**Given data:**
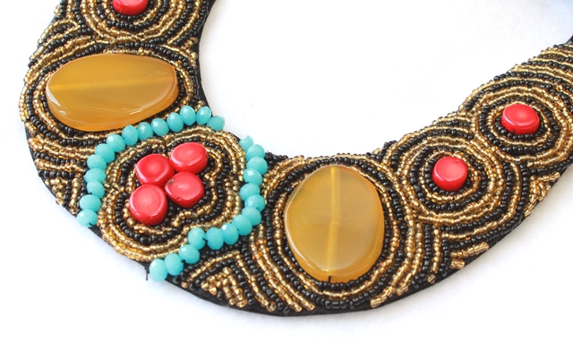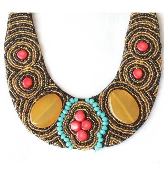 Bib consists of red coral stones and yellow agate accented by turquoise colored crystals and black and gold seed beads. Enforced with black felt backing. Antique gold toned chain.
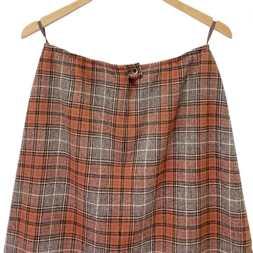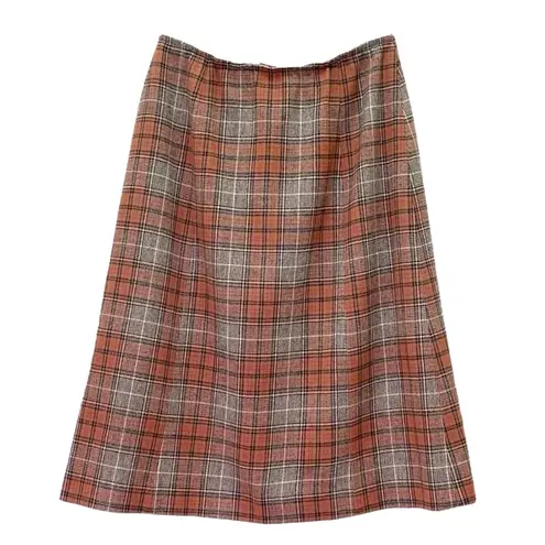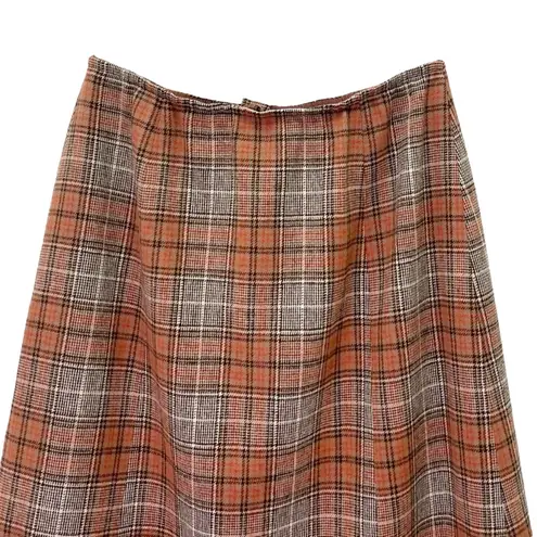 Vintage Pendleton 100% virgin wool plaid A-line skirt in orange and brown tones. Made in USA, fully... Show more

--

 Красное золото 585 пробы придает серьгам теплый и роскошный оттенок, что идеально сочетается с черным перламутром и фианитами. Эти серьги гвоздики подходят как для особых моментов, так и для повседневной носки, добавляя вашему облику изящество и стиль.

**Exercise description:** When you reach the line containing "Bib consists of" in the entries above, begin restating word for word, and stop once the line containing "Vintage Pendleton 100%" has been given. Omit the pictures.

**Exercise response:**
 Bib consists of red coral stones and yellow agate accented by turquoise colored crystals and black and gold seed beads. Enforced with black felt backing. Antique gold toned chain.
 Vintage Pendleton 100% virgin wool plaid A-line skirt in orange and brown tones. Made in USA, fully... Show more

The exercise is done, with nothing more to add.